**Task to carry out**
Omit the pictures from the entries below and retype everything else exactly.

**Provided records**
↓
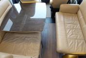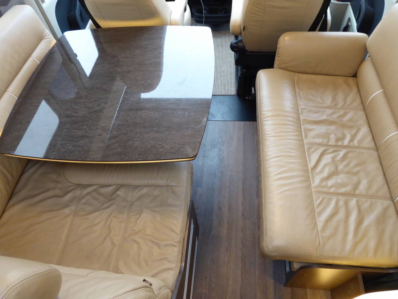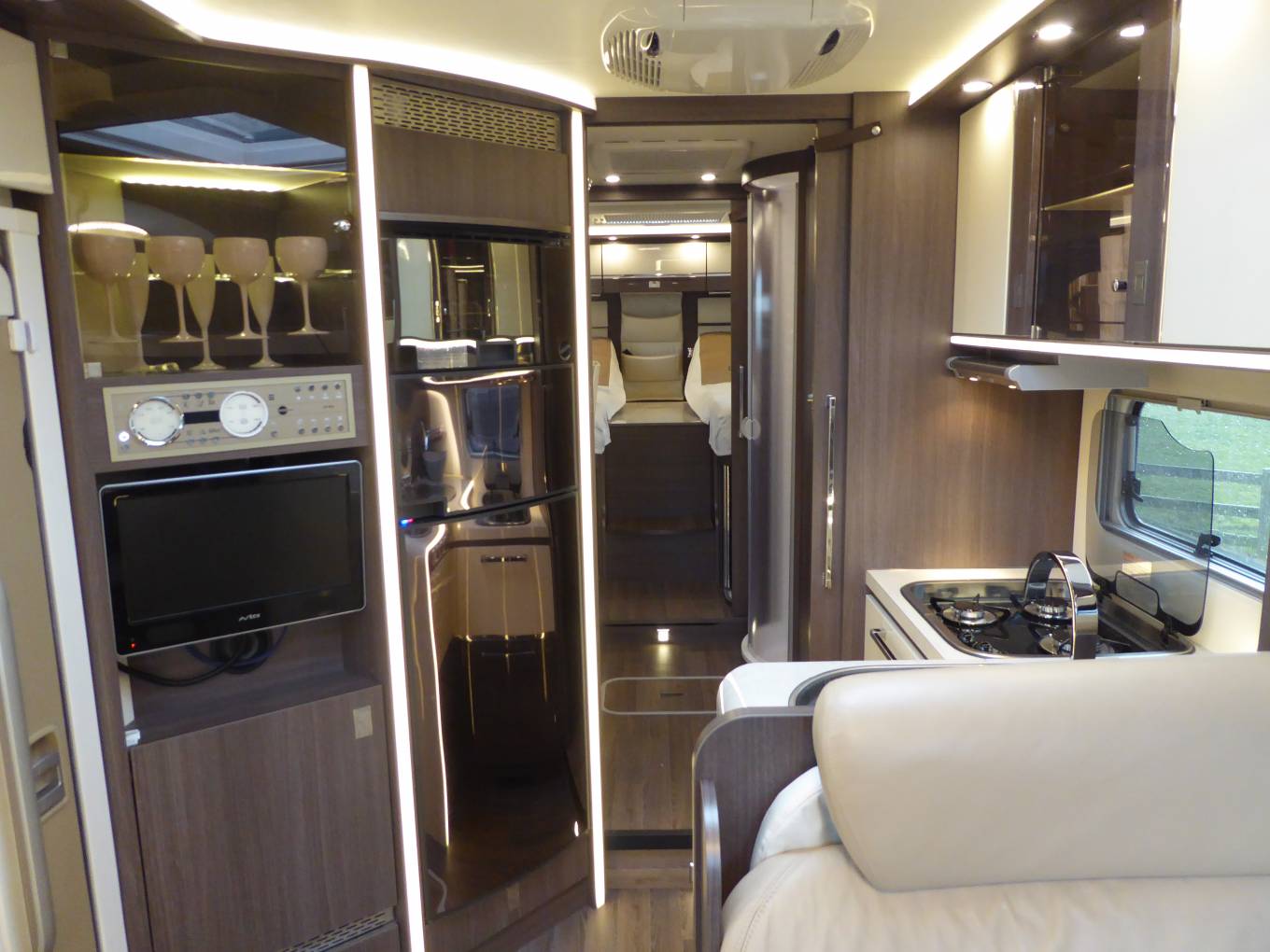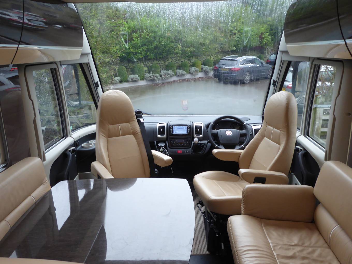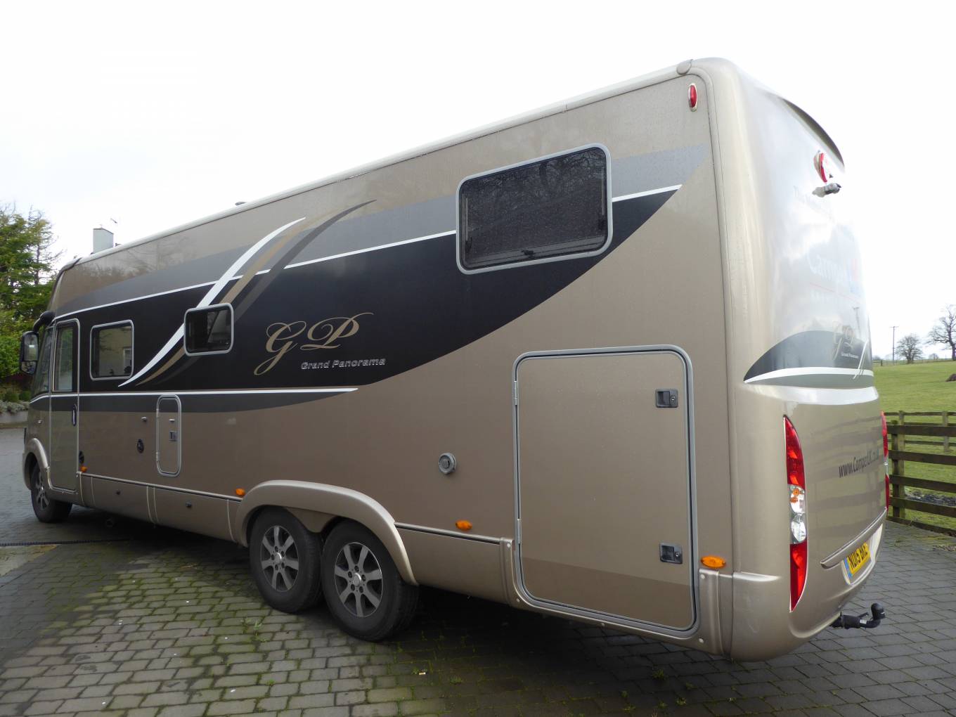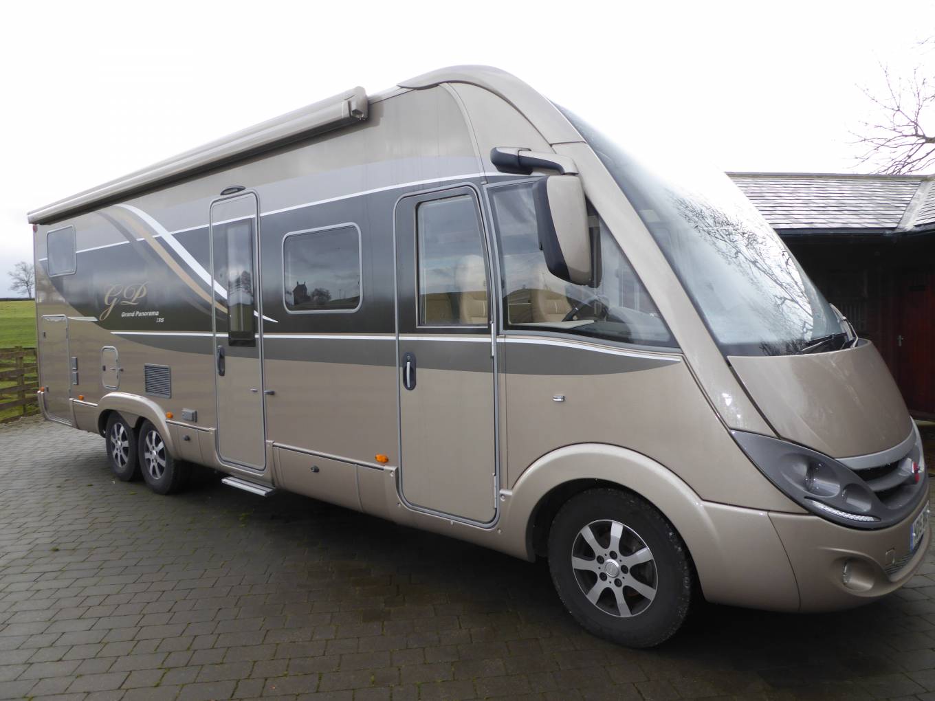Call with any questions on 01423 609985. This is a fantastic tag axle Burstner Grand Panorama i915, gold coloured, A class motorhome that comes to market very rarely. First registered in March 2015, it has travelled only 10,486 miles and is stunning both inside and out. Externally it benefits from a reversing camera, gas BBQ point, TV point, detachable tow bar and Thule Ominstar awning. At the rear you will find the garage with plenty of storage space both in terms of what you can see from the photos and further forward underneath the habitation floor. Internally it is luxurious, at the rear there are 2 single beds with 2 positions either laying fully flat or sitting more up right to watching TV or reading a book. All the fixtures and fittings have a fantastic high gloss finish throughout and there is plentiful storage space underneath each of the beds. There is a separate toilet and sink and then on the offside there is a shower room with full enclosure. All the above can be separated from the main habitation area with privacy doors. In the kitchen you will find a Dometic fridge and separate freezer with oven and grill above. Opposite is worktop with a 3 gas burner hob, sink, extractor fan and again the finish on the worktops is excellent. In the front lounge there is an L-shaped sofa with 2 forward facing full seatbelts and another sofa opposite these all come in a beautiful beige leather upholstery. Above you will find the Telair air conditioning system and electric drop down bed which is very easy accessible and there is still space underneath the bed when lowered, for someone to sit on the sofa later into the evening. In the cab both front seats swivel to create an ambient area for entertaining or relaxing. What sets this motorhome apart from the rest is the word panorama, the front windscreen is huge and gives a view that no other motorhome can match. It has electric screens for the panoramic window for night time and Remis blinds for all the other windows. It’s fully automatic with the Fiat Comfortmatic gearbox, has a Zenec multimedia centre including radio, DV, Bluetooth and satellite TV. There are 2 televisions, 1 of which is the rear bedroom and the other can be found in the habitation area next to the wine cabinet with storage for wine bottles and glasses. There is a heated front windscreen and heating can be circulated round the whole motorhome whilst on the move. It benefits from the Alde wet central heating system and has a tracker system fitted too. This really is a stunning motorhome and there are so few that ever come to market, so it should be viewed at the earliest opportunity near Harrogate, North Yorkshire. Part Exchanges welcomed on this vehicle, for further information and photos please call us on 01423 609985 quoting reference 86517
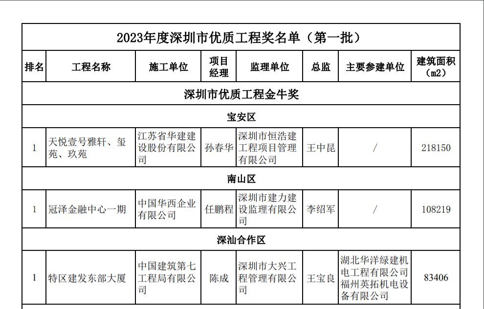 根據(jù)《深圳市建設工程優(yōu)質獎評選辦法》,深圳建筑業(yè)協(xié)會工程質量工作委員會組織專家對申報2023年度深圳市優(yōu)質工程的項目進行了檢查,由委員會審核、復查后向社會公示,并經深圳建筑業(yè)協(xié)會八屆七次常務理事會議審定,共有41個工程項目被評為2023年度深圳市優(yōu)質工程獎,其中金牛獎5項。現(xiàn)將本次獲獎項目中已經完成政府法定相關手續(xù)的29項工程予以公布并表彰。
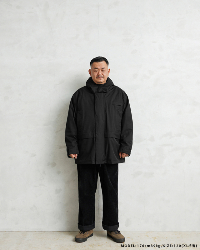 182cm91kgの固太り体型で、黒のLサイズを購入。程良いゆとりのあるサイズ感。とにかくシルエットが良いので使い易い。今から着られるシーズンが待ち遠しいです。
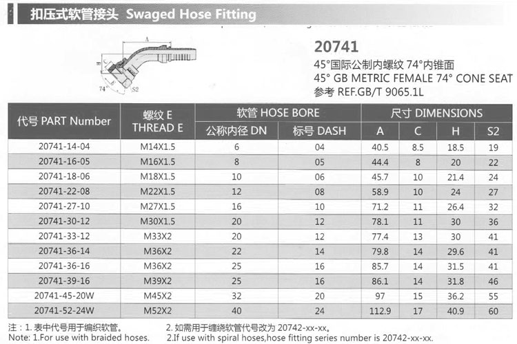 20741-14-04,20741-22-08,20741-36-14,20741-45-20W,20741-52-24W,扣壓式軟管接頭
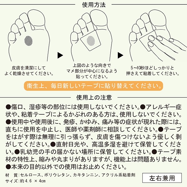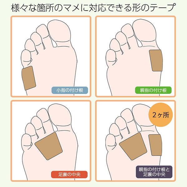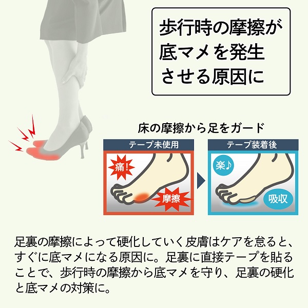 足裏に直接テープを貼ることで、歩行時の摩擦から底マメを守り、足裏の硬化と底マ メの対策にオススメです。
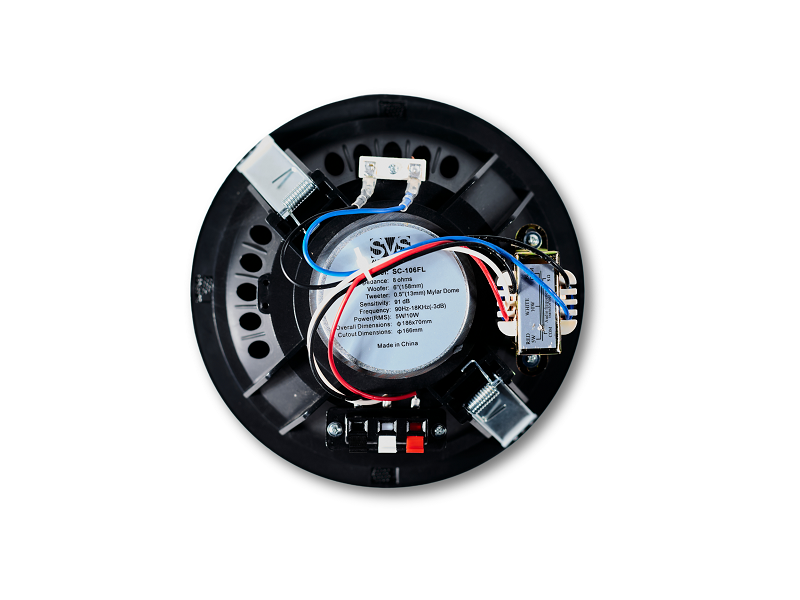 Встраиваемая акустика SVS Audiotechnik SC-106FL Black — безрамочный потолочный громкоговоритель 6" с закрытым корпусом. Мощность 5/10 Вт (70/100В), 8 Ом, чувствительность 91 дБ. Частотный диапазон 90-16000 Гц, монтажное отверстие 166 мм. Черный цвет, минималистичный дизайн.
↑
**Answer space**
Call with any questions on 01423 609985. This is a fantastic tag axle Burstner Grand Panorama i915, gold coloured, A class motorhome that comes to market very rarely. First registered in March 2015, it has travelled only 10,486 miles and is stunning both inside and out. Externally it benefits from a reversing camera, gas BBQ point, TV point, detachable tow bar and Thule Ominstar awning. At the rear you will find the garage with plenty of storage space both in terms of what you can see from the photos and further forward underneath the habitation floor. Internally it is luxurious, at the rear there are 2 single beds with 2 positions either laying fully flat or sitting more up right to watching TV or reading a book. All the fixtures and fittings have a fantastic high gloss finish throughout and there is plentiful storage space underneath each of the beds. There is a separate toilet and sink and then on the offside there is a shower room with full enclosure. All the above can be separated from the main habitation area with privacy doors. In the kitchen you will find a Dometic fridge and separate freezer with oven and grill above. Opposite is worktop with a 3 gas burner hob, sink, extractor fan and again the finish on the worktops is excellent. In the front lounge there is an L-shaped sofa with 2 forward facing full seatbelts and another sofa opposite these all come in a beautiful beige leather upholstery. Above you will find the Telair air conditioning system and electric drop down bed which is very easy accessible and there is still space underneath the bed when lowered, for someone to sit on the sofa later into the evening. In the cab both front seats swivel to create an ambient area for entertaining or relaxing. What sets this motorhome apart from the rest is the word panorama, the front windscreen is huge and gives a view that no other motorhome can match. It has electric screens for the panoramic window for night time and Remis blinds for all the other windows. It’s fully automatic with the Fiat Comfortmatic gearbox, has a Zenec multimedia centre including radio, DV, Bluetooth and satellite TV. There are 2 televisions, 1 of which is the rear bedroom and the other can be found in the habitation area next to the wine cabinet with storage for wine bottles and glasses. There is a heated front windscreen and heating can be circulated round the whole motorhome whilst on the move. It benefits from the Alde wet central heating system and has a tracker system fitted too. This really is a stunning motorhome and there are so few that ever come to market, so it should be viewed at the earliest opportunity near Harrogate, North Yorkshire. Part Exchanges welcomed on this vehicle, for further information and photos please call us on 01423 609985 quoting reference 86517
 根據(jù)《深圳市建設工程優(yōu)質獎評選辦法》,深圳建筑業(yè)協(xié)會工程質量工作委員會組織專家對申報2023年度深圳市優(yōu)質工程的項目進行了檢查,由委員會審核、復查后向社會公示,并經深圳建筑業(yè)協(xié)會八屆七次常務理事會議審定,共有41個工程項目被評為2023年度深圳市優(yōu)質工程獎,其中金牛獎5項。現(xiàn)將本次獲獎項目中已經完成政府法定相關手續(xù)的29項工程予以公布并表彰。
 182cm91kgの固太り体型で、黒のLサイズを購入。程良いゆとりのあるサイズ感。とにかくシルエットが良いので使い易い。今から着られるシーズンが待ち遠しいです。
 20741-14-04,20741-22-08,20741-36-14,20741-45-20W,20741-52-24W,扣壓式軟管接頭
 足裏に直接テープを貼ることで、歩行時の摩擦から底マメを守り、足裏の硬化と底マ メの対策にオススメです。
 Встраиваемая акустика SVS Audiotechnik SC-106FL Black — безрамочный потолочный громкоговоритель 6" с закрытым корпусом. Мощность 5/10 Вт (70/100В), 8 Ом, чувствительность 91 дБ. Частотный диапазон 90-16000 Гц, монтажное отверстие 166 мм. Черный цвет, минималистичный дизайн.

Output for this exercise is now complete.